Invisible Venture Capital
The pure definition of the rather murky term, invisible venture capital, is simply capital provided by angel investors. An understanding of angel investors helps explain the term.
An angel investor differs from a venture capitalist primarily in the fact they are providing their own funds in the investment. The level of involvement in the equity and management position of the company will tend to vary from angel investor to angel investor, but the main difference is they are not managing a fund raised from the investments of third parties, but our using their own. The term invisible venture capital is often used to describe funds provided by angel investors.
The origin of the term comes from the idea that invisible venture capital can be kept much more private than a venture capital fund can afford.
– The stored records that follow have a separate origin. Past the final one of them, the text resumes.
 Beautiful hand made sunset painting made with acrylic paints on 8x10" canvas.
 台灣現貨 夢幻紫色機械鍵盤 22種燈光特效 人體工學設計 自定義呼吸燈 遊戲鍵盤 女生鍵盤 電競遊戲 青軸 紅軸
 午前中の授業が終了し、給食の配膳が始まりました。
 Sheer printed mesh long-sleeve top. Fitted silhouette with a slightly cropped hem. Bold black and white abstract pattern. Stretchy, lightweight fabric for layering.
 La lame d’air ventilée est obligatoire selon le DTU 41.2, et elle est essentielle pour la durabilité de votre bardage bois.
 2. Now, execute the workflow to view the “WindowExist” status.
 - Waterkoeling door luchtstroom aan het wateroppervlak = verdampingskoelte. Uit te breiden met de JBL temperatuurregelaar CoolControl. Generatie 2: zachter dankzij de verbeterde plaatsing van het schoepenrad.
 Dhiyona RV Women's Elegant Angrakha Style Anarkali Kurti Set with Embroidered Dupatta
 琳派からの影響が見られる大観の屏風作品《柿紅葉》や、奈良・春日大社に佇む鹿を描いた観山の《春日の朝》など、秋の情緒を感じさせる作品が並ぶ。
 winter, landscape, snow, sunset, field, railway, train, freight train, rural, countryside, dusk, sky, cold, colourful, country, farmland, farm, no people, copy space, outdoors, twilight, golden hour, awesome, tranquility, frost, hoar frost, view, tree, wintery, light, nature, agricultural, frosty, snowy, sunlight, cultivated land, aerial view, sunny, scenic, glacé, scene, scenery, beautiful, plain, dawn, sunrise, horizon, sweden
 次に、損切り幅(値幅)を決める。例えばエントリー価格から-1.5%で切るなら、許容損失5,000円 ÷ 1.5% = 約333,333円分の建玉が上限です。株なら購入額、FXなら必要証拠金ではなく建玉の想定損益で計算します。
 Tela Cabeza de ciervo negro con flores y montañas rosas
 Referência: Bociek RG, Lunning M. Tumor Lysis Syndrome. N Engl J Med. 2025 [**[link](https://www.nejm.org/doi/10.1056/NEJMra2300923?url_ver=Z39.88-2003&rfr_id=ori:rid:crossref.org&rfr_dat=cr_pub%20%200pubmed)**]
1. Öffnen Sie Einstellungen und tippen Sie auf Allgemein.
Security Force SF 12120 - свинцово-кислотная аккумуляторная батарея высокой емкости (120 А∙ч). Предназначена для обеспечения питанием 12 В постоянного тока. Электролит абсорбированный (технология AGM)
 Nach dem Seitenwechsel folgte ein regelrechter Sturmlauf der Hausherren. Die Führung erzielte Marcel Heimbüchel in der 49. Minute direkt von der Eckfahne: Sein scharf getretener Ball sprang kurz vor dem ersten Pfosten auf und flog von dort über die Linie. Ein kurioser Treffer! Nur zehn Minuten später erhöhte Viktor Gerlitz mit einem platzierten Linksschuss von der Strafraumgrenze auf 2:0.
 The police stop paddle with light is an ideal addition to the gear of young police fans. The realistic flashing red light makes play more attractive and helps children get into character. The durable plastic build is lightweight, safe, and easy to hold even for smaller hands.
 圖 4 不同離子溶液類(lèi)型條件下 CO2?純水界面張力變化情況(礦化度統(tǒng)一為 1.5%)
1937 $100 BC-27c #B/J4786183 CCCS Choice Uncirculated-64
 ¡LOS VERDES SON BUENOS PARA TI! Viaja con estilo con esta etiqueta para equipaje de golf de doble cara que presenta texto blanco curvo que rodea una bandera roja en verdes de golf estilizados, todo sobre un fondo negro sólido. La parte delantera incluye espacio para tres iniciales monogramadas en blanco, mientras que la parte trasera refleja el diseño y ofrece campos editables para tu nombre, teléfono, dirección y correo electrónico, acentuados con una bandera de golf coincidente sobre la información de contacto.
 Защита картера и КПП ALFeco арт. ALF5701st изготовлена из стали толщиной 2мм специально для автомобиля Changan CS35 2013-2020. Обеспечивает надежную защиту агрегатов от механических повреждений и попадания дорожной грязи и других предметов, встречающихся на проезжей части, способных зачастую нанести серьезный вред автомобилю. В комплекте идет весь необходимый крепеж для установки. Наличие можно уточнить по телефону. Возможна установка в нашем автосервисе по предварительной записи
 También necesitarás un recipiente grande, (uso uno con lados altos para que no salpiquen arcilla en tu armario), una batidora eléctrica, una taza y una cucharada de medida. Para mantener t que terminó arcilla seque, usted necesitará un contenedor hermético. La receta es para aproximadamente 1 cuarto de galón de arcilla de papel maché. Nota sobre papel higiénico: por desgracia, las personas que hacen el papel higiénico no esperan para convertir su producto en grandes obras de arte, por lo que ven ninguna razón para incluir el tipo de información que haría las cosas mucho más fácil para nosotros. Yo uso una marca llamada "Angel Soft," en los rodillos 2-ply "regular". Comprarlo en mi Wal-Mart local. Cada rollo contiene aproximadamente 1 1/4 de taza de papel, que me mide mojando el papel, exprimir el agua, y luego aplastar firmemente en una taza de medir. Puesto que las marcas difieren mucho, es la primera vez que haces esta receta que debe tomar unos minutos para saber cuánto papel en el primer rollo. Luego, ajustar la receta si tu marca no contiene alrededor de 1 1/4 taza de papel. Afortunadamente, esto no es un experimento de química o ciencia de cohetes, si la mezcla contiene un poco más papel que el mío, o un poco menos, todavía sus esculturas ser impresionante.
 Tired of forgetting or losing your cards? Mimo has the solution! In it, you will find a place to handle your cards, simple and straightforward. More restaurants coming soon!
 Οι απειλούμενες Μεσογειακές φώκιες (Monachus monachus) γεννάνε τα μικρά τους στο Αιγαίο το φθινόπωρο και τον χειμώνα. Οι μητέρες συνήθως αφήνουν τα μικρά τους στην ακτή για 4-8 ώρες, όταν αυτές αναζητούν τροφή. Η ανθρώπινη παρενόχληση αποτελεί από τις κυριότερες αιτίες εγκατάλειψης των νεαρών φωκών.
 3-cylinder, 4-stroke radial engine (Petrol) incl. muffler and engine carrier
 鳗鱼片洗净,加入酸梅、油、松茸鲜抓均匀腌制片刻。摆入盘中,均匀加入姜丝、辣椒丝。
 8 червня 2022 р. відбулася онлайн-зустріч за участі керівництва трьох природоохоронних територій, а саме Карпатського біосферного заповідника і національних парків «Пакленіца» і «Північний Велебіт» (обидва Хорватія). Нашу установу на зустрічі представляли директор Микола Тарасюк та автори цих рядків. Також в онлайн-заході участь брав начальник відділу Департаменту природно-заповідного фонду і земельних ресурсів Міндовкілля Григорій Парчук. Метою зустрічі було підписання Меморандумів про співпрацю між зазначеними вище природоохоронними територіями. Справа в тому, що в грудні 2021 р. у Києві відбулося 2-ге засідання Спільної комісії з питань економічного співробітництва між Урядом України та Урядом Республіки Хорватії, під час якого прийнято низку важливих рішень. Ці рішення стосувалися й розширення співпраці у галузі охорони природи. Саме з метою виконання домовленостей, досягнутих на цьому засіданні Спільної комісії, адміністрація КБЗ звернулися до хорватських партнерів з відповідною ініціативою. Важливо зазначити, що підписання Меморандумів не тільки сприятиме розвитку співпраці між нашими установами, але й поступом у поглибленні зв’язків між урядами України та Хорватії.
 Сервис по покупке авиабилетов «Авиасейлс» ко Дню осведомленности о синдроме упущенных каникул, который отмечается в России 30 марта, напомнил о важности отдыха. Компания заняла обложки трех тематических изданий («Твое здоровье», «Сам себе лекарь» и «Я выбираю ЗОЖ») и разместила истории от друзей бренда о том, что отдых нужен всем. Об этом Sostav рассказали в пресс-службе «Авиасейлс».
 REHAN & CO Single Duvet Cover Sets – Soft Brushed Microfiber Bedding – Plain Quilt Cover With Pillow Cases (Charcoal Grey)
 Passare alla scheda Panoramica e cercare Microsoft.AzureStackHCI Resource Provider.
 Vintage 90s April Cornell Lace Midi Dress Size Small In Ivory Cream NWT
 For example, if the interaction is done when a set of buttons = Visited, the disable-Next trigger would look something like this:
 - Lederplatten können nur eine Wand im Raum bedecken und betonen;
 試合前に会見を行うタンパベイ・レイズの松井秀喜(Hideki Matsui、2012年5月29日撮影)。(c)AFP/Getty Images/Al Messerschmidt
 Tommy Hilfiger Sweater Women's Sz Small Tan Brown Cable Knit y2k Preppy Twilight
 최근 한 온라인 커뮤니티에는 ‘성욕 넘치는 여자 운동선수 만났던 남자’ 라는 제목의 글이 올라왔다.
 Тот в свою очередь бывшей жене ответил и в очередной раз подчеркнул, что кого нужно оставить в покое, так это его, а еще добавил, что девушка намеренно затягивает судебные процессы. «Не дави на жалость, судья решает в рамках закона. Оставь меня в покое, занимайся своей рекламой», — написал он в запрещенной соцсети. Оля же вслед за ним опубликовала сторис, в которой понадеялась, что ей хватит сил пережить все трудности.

The venture capital fund is managing the funds of third party investors and has a basic responsibility to justify their decisions and to report their results. Beyond the reality of disclosure, the venture capital fund will welcome the scrutiny because they are also in the business of raising venture capital to invest. If their investments are wise and profitable, as they should be, they will not object to beating their drums a bit.
The angel investor is not answerable to anyone but themselves and the internal revenue service. The nature of their results and the criteria for their investments decisions need not be a matter of public record. Although angel investors are often joined into groups for the purpose of investing, they remain answerable only to their fellow investors and not the general public. This has made the funding of ventures via angel investors a bit less public and leads to the term, invisible venture capital.
The term unnerves some potential entrepreneurs with its suggestion that it is either not real capital or even is illegal capital. Of course, this is silly, but does point out that the more private nature of the angel investor solution requires a bit of “due diligence” on the part of the entrepreneur. Despite the name, invisible venture capital normally comes from well known private investors. Their reputations and their credentials are usually a matter of public record. If they are choosing to get involve in a management role, they normally are doing so because of vast experience as much as a desire to micro-manage their own investment.
The more important term to the entrepreneur is really “angel” investor. The history of invisible venture capital provided by angel investors has been one of many miracle cures. The angel investors have turned disaster into triumph and failure into success time and time again. They appear, like angels, when all seems dark and no other viable solutions seem to be presenting themselves. Do not let the name, invisible venture capital, fool you, it and the results it can produce are very tangible.